* _REQUIRED ACTION_
The required output is the exact run of lines from the one that contains "Квартира розташована на" to the end of the data, with every picture left out.

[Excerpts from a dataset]
Start of Block

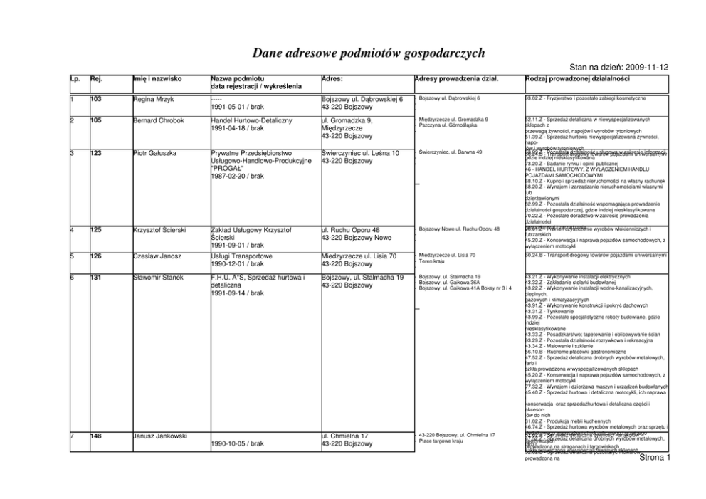 Dane adresowe podmiotów gospodarczych Stan na dzień: 2009-11-12 Lp. Rej. Imię i nazwisko Nazwa podmiotu data rejestracji / wykreślenia Adres: Adresy prowadzenia dział. Rodzaj prowadzonej działalności 1 103 Regina Mrzyk ----1991-05-01 / brak Bojszowy ul. Dąbrowskiej 6 43-220 Bojszowy - Bojszowy ul. Dąbrowskiej 6 - 93.02.Z - Fryzjerstwo i pozostałe zabiegi kosmetyczne 2 105 Bernard Chrobok Handel Hurtowo-Detaliczny 1991-04-18 / brak ul. Gromadzka 9, Międzyrzecze 43-220 Bojszowy - Międzyrzecze ul. Gromadzka 9 - Pszczyna ul. Górnośląska - 3 123 Piotr Gałuszka Prywatne Przedsiębiorstwo Usługowo-Handlowo-Produkcyjne "PROGAŁ" 1987-02-20 / brak Świerczyniec ul. Leśna 10 43-220 Bojszowy - Świerczyniec, ul. Barwna 49 - 52.11.Z - Sprzedaż detaliczna w niewyspecjalizowanych sklepach z przewagą żywności, napojów i wyrobów tytoniowych 51.39.Z - Sprzedaż hurtowa niewyspecjalizowana żywności, napojów i wyrobów tytoniowych 63.99.Z działalność usługowa w zakresie informacji, 60.24.B -- Pozostała Transport drogowy towarów pojazdami uniwersalnymi gdzie indziej niesklasyfikowana 73.20.Z - Badanie rynku i opinii publicznej 46 - HANDEL HURTOWY, Z WYŁĄCZENIEM HANDLU POJAZDAMI SAMOCHODOWYMI 68.10.Z - Kupno i sprzedaż nieruchomości na własny rachunek 68.20.Z - Wynajem i zarządzanie nieruchomościami własnymi lub dzierżawionymi 82.99.Z - Pozostała działalność wspomagająca prowadzenie działalności gospodarczej, gdzie indziej niesklasyfikowana 70.22.Z - Pozostałe doradztwo w zakresie prowadzenia działalności gospodarczej i zarządzania 96.01.Z - Pranie i czyszczenie wyrobów włókienniczych i futrzarskich 45.20.Z - Konserwacja i naprawa pojazdów samochodowych, z wyłączeniem motocykli _ _ 4 125 Krzysztof Ścierski Zakład Usługowy Krzysztof Ścierski 1991-09-01 / brak ul. Ruchu Oporu 48 43-220 Bojszowy Nowe - Bojszowy Nowe ul. Ruchu Oporu 48 - 5 126 Czesław Janosz Usługi Transportowe 1990-12-01 / brak Miedzyrzecze ul. Lisia 70 43-220 Bojszowy - Miedzyrzecze ul. Lisia 70 - Teren kraju - _ 60.24.B - Transport drogowy towarów pojazdami uniwersalnymi 6 131 Sławomir Stanek F.H.U. A*S, Sprzedaż hurtowa i detaliczna 1991-09-14 / brak Bojszowy, ul. Stalmacha 19 43-220 Bojszowy - Bojszowy, ul. Stalmacha 19 - Bojszowy, ul. Gaikowa 36A - Bojszowy, ul. Gaikowa 41A Boksy nr 3 i 4 43.21.Z - Wykonywanie instalacji elektrycznych 43.32.Z - Zakładanie stolarki budowlanej 43.22.Z - Wykonywanie instalacji wodno-kanalizacyjnych, cieplnych, gazowych i klimatyzacyjnych 43.91.Z - Wykonywanie konstrukcji i pokryć dachowych 43.31.Z - Tynkowanie 43.99.Z - Pozostałe specjalistyczne roboty budowlane, gdzie indziej niesklasyfikowane 43.33.Z - Posadzkarstwo; tapetowanie i oblicowywanie ścian 93.29.Z - Pozostała działalność rozrywkowa i rekreacyjna 43.34.Z - Malowanie i szklenie 56.10.B - Ruchome placówki gastronomiczne 47.52.Z - Sprzedaż detaliczna drobnych wyrobów metalowych, farb i szkła prowadzona w wyspecjalizowanych sklepach 45.20.Z - Konserwacja i naprawa pojazdów samochodowych, z wyłączeniem motocykli 77.32.Z - Wynajem i dzierżawa maszyn i urządzeń budowlanych 45.40.Z - Sprzedaż hurtowa i detaliczna motocykli, ich naprawa i konserwacja oraz sprzedażhurtowa i detaliczna części i akcesoriów do nich 31.02.Z - Produkcja mebli kuchennych 46.74.Z - Sprzedaż hurtowa wyrobów metalowych oraz sprzętu i dodatkowego wyposażenia hydraulicznego i grzejnego 52.62.A - Sprzedaż detaliczna żywności i artykułów 47.52.Z - Sprzedaż detaliczna drobnych wyrobów metalowych, spożywczych farb i prowadzona na straganach i targowiskach szkła prowadzona wyspecjalizowanych 52.62.B - Sprzedażwdetaliczna pozostałychsklepach towarów _ 7 148 Janusz Jankowski 1990-10-05 / brak ul. Chmielna 17 43-220 Bojszowy - 43-220 Bojszowy, ul. Chmielna 17 - Place targowe kraju _ prowadzona na Strona 1 Lp. Rej. Imię i nazwisko 7 148 Janusz Jankowski 8 156 Henryk Kostyra 9 159 Gabriel Lotawiec Nazwa podmiotu data rejestracji / wykreślenia Adres: Adresy prowadzenia dział. Rodzaj prowadzonej działalności ul. Chmielna 17 - straganach i targowiskach Kostyra Henryk Handel art. spoż. przem. i gastronomia 1992-01-31 / brak ul. Św.Jana 56 43-220 Bojszowy - ul. Św. Jana 56, 43-220 Bojszowy 47 - HANDEL DETALICZNY, Z WYŁĄCZENIEM HANDLU DETALICZNEGO POJAZDAMI SAMOCHODOWYMI - 43-220 Bojszowy, ul. Świętego Jana 58 - Sklep 55 - ZAKWATEROWANIE spożywczo-przemysłowy; 43-220 Bojszowy, ul. 56 - DZIAŁALNOŚĆ USŁUGOWA ZWIĄZANA Z Świętego Jana 48 - Drink Bar "Dworski" WYŻYWIENIEM Handel i Usługi 1992-01-20 / brak Bojszowy ul. Bliska 1 43-220 Bojszowy - Bojszowy ul. Gaikowa 32 - Bojszowy ul. Bliska 1 - 41-214 Sosnowiec, ul. Stawowa 4 _ _ 10 167 Zygmunt Wójcik 11 169 Józef Fuchs 12 19 13 20 ul. Kręta 11. 43-220 Świerczyniec - Bieruń ul.Licealna 17 - Urbanowice ul. Oświęcimska 192 - Place targowe kraju STUDIO FOTOGRAFICZNE, Ośrodek Szkolenia Kierowców 1992-03-01 / brak Bojszowy ul. Bliska 26 43-220 Bojszowy - 43-220 Bojszowy, ul. Bliska 26 - Hubert Tatoj -----1986-09-01 / brak Bojszowy Nowe ul. Ruchu Oporu 162 43-220 Bojszowy - Bojszowy Nowe ul. Ruchu Oporu 162 - Teren kraju - _ 49.41.Z - Transport drogowy towarów Wilhelm Hachuła Instalacje Hydrauliczne 1983-06-20 / brak Bojszowy, ul. Równa 1 43-220 Bojszowy - 43-220 Bojszowy, ul. Dąbrowskiej 53 - 43-220 Bojszowy, ul. Równa 1, - Teren całego kraju. _ 41 - ROBOTY BUDOWLANE ZWIĄZANE ZE WZNOSZENIEM BUDYNKÓW 42 - ROBOTY ZWIĄZANE Z BUDOWĄ OBIEKTÓW INŻYNIERII LĄDOWEJ I WODNEJ 43 - ROBOTY BUDOWLANE SPECJALISTYCZNE 25 - PRODUKCJA METALOWYCH WYROBÓW GOTOWYCH, Z WYŁĄCZENIEM MASZYN I URZĄDZEŃ 28 - PRODUKCJA MASZYN I URZĄDZEŃ, GDZIE INDZIEJ NIESKLASYFIKOWANA 22 - PRODUKCJA WYROBÓW Z GUMY I TWORZYW SZTUCZNYCH 49 - TRANSPORT LĄDOWY ORAZ TRANSPORT RUROCIĄGOWY 71 - DZIAŁALNOŚĆ W ZAKRESIE ARCHITEKTURY I INŻYNIERII; BADANIA I ANALIZY TECHNICZNE 74.12.Z - Działalność rachunkowo-księgowa 65.21.Z - Leasing finansowy 67.
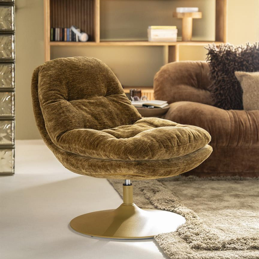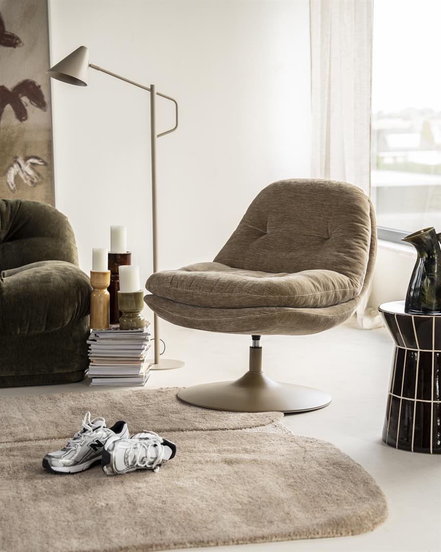 Fotoliu rotativ la 360 grade, din metal si material textil.
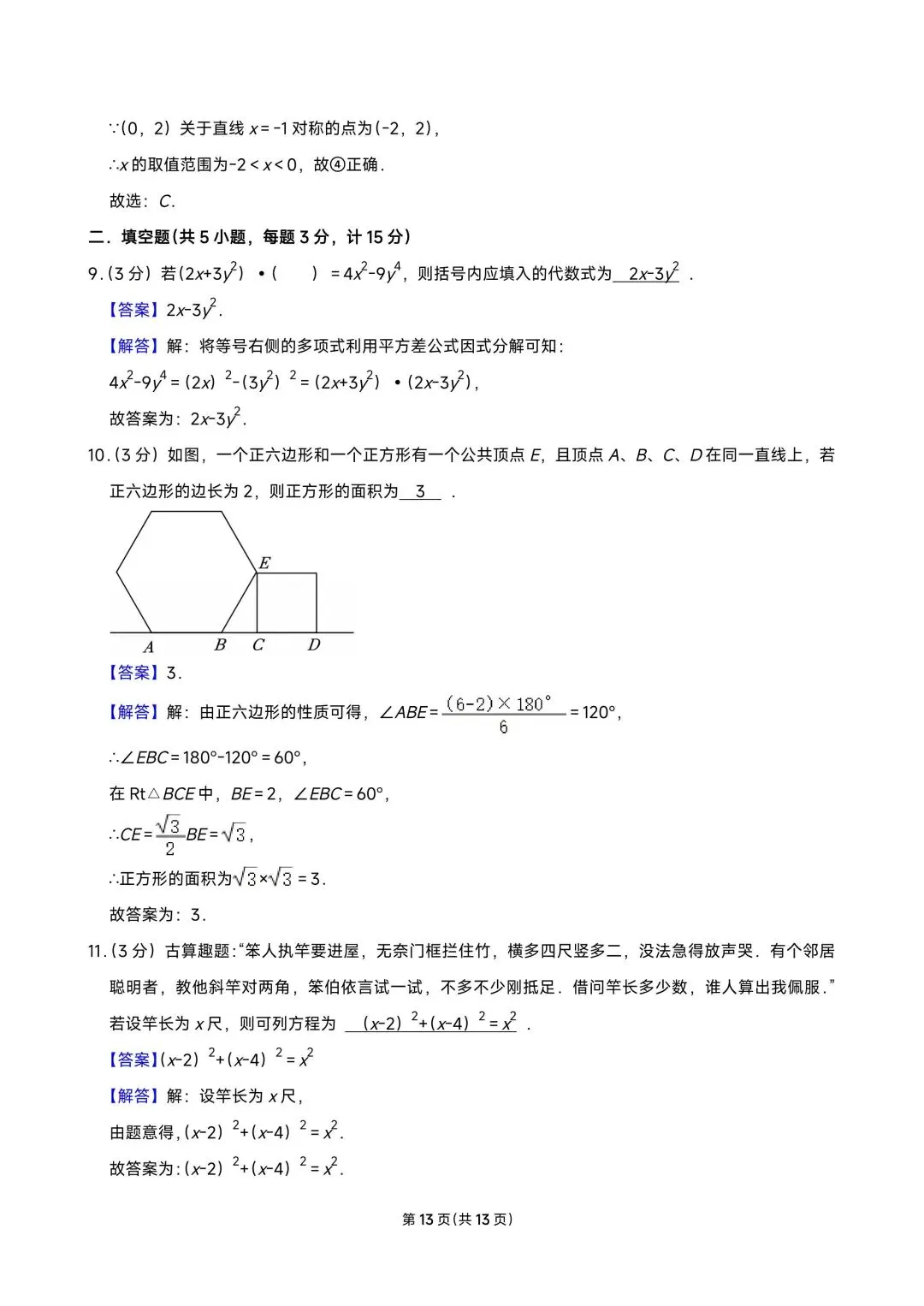 2026中考数学西安某高新一中中考数学四模试卷(含答案及解析)
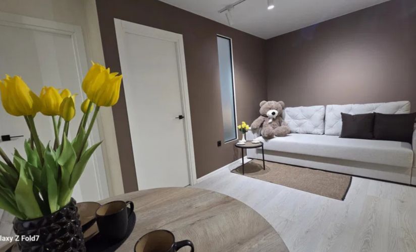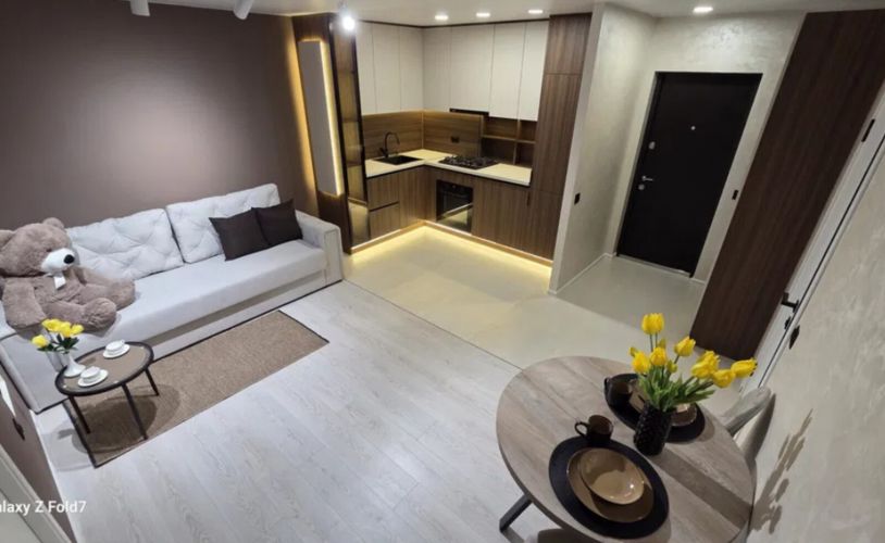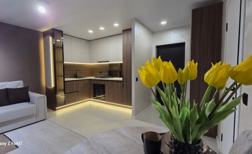 Квартира розташована на 9 поверсі. Загальна площа 55 кв.м. У квартирі повністю завершені ремонтні роботи, є необхідні для комфорту меблі та побутова техніка.
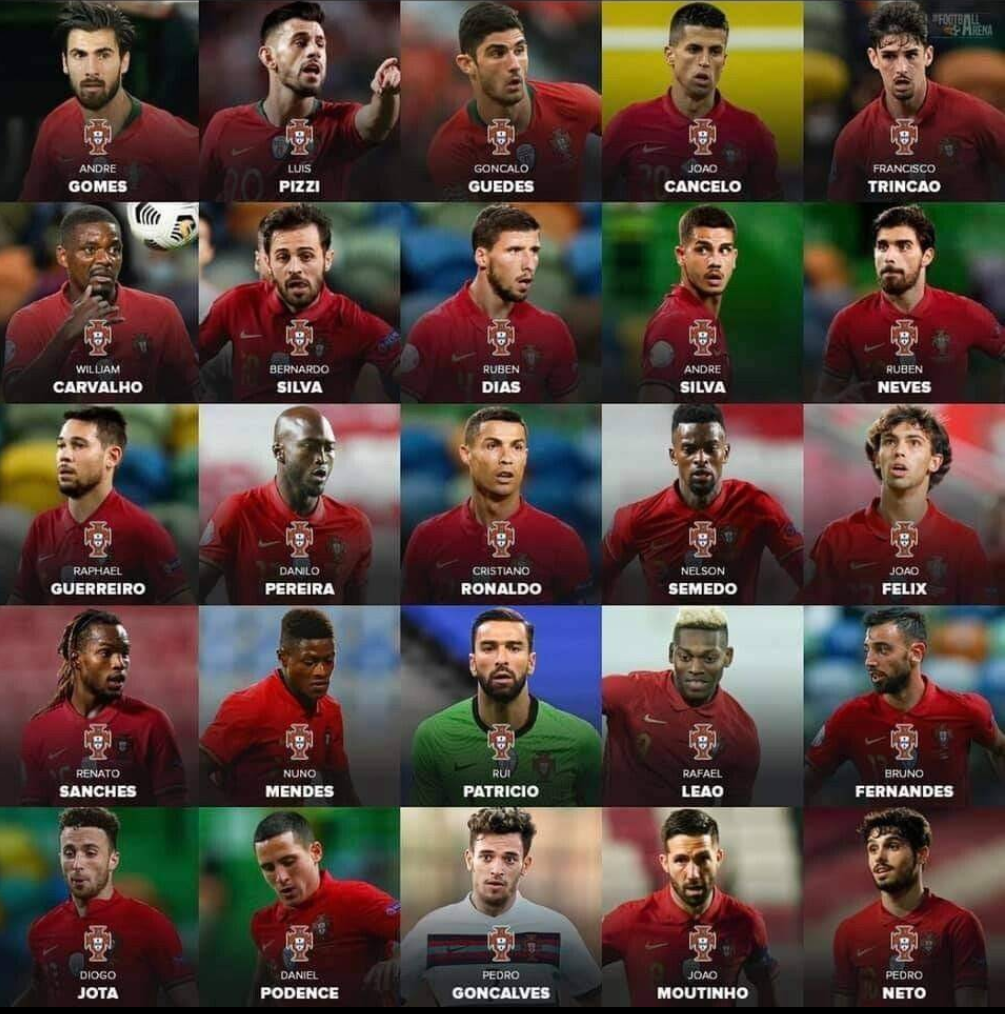 ▲ 공격수(FW) = 안드레 실바(RB라이프치히), 크리스티아누 호날두(맨체스터 유나이티드), 곤살루 라모스(벤피카), 주앙 펠릭스(아틀레티코 마드리드), 하파엘 레앙(AC밀란), 히카르두 호르타(브라가)
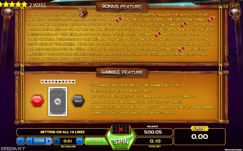 Dangerous cowboy life, stately horses and formidable sheriffs are the first associations with the Wild West period in history. Famous slot machines manufacturer, the GameArts Company, didn`t miss the chance to recreate the history of the forgotten period and return gamblers back in time. Now you can play the Explosive Reels casino online and completely immerse yourself in this amazing virtual world, enjoying huge winning sums. Moreover, if you want, you can practice without any registering or sending messages.
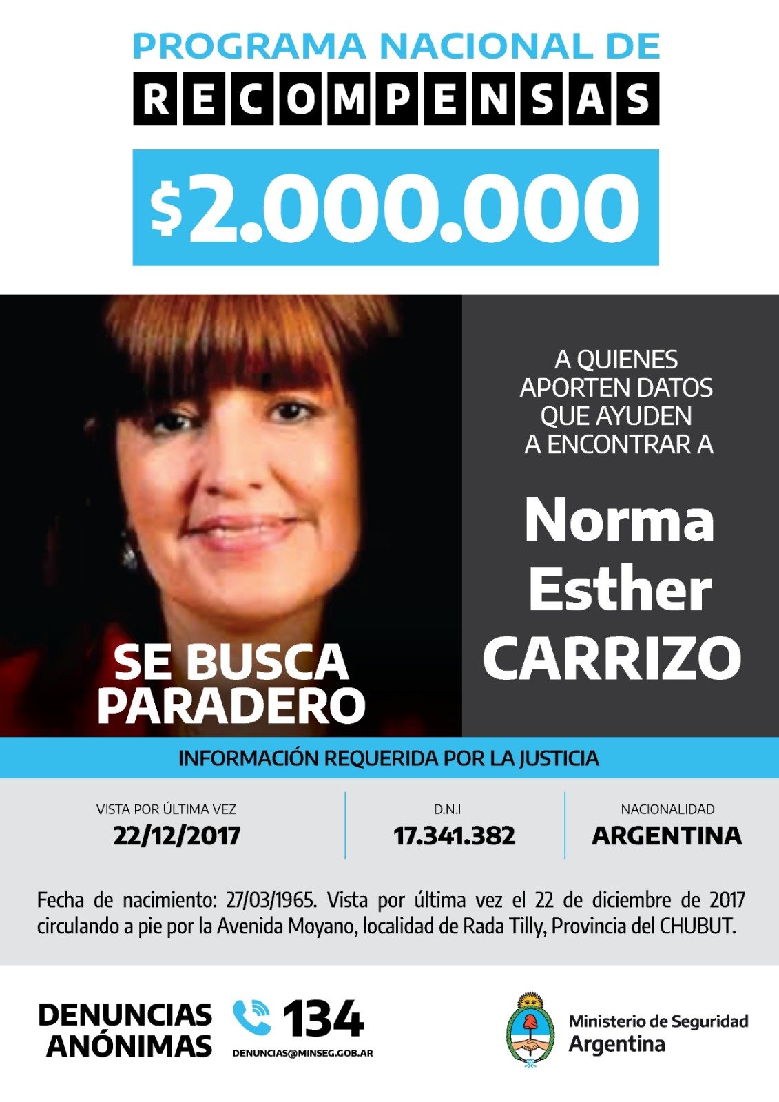 En las últimas horas, el Ministerio Público Fiscal de Comodoro Rivadavia informó que el Ministerio de Seguridad actualizó el valor de la recompensa por información sobre desaparecidos en la ciudad petrolera y en la villa balnearia.

End of Block

* _SOLUTION FOR THIS PROBLEM_
 Квартира розташована на 9 поверсі. Загальна площа 55 кв.м. У квартирі повністю завершені ремонтні роботи, є необхідні для комфорту меблі та побутова техніка.
 ▲ 공격수(FW) = 안드레 실바(RB라이프치히), 크리스티아누 호날두(맨체스터 유나이티드), 곤살루 라모스(벤피카), 주앙 펠릭스(아틀레티코 마드리드), 하파엘 레앙(AC밀란), 히카르두 호르타(브라가)
 Dangerous cowboy life, stately horses and formidable sheriffs are the first associations with the Wild West period in history. Famous slot machines manufacturer, the GameArts Company, didn`t miss the chance to recreate the history of the forgotten period and return gamblers back in time. Now you can play the Explosive Reels casino online and completely immerse yourself in this amazing virtual world, enjoying huge winning sums. Moreover, if you want, you can practice without any registering or sending messages.
 En las últimas horas, el Ministerio Público Fiscal de Comodoro Rivadavia informó que el Ministerio de Seguridad actualizó el valor de la recompensa por información sobre desaparecidos en la ciudad petrolera y en la villa balnearia.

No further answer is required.